TMX was a very complicated and balky plasma physics experiment, bedeviled by complexity and occasional unfortunate design compromises. As a result, the experimental physics team and their engineering support staff had reason for frequent Friday excursions for beer and pizza, usually in that order of priority. On one occasion, as we were wrapping up, I happened to remember that one of our number, Bear Hornady, an original CAMS staffer, was on vacation in the tropics, due home any day. Somewhat overcome by fumes, I suggested that we decorate his home with something tropical so he’d feel comfortable on return. This suggestion lead to the pledge to go instantly to the hardware store and buy plastic flamingos, the most suitable (and cheapest) object we could think of. We drove to town, pillaged the store and purchased their stock of birds. We then drove to Bear’s house, put between 20 and 30 birds on the lawn, and pretty much forgot about it.

The birds (henceforth known as the flock) occasionally came out for appearances on others’ lawns over the next few years until they mysteriously disappeared. Mary, my wife, has always been suspect in this matter but confesses nothing.

The joke really took off in July of 1991, when I returned from my first inspection tour in Iraq for the UN to find a flamingo wearing a burnoose perched on the CAMS sign outside the office building. CAMS had been set up as a pretty independent and freewheeling group, so the pursuit of evermore examples of the ultimate symbol of kitsch and bad taste became obligatory. Today, postdocs and visitors come to CAMS with gifts of flamingo-inspired clocks, dolls, wall hangings, garden ornaments, pillows, etc.

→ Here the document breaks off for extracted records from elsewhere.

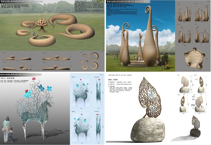 네오펜슬(최승일 외 2명) 作 <생명과 공존의 숲>은 아빠사슴(높이3m), 엄마사슴(높이1.8m), 아기사슴(1.4m) 세 마리 사슴 가족을 스테인리스로 형상화한 작품이며 산삼주제관 마당에 설치될 계획이다. 함양산삼(자연 속 생명의 힘을 가진 식물)을 생명체(사슴)와 결합하여 형상화 한 것으로 주 몸체(사슴)는 뇌두부터 주근, 가락지(세근)까지를 표현하였다. 상층으로 뻗어가는 산삼의 잎과 열매를 통해 자연의 생명성을 역동적으로 표현하고자 하였다.
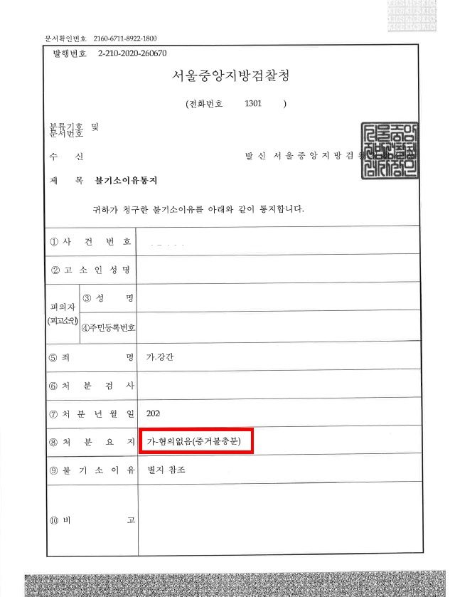 문제는 추후 여자친구가 이의신청을 하였다는 것인데, 이마저도 검찰에서 이유없다고 결정을 내리면서 의뢰인은 사회로 무사히 복귀할 수 있었습니다.
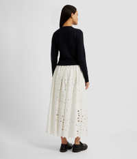This navy cardigan is knitted from lightweight merino wool. Shaped for a close fit, its classic silhouette is enhanced by feminine draping and decoration at the collar. Wear it with everything from tailored trousers to printed skirts. Size and Fit This cardigan has a crew neck with draped detailing, long sleeves, and ribbed trims. It button fastenings through the centre front. Fits true to size. Model is 5'10" and wears a size UK 6. Fabric and Care 100% Wool. Embroidery: 60% Glass, 20% Brass, 20% Copper. Do Not Machine Wash / Delicate Dry Clean / Do Not Bleach / Do Not Tumble Dry / Cool Iron On Reverse.

When I left LLNL to become the Director of the Defense Threat Reduction Agency, acquiring what dignity I could as head of a combat support agency, I imagined that the flamingos were a thing of my past. In the summer of 1999, I traveled 1000 km. east of Moscow to visit the members of my agency who manned the inspection portal around the SS-20 plant at Votkinsk. When I got to their compound, I found what you see below. I don’t know if my military crew had researched my past and the birds were there for me as a gag, or if they just expressed the usual American desire for expressing the improbable and irreverent. In either case, they were a welcome sight. I suppose CAMS is stuck with this symbol in any likely future.


Jay Davis, Director of the Defense Threat Reduction Agency, standing in front of the inspection portal located in Votkinsk, Russia, surrounded by a flock of flamingos.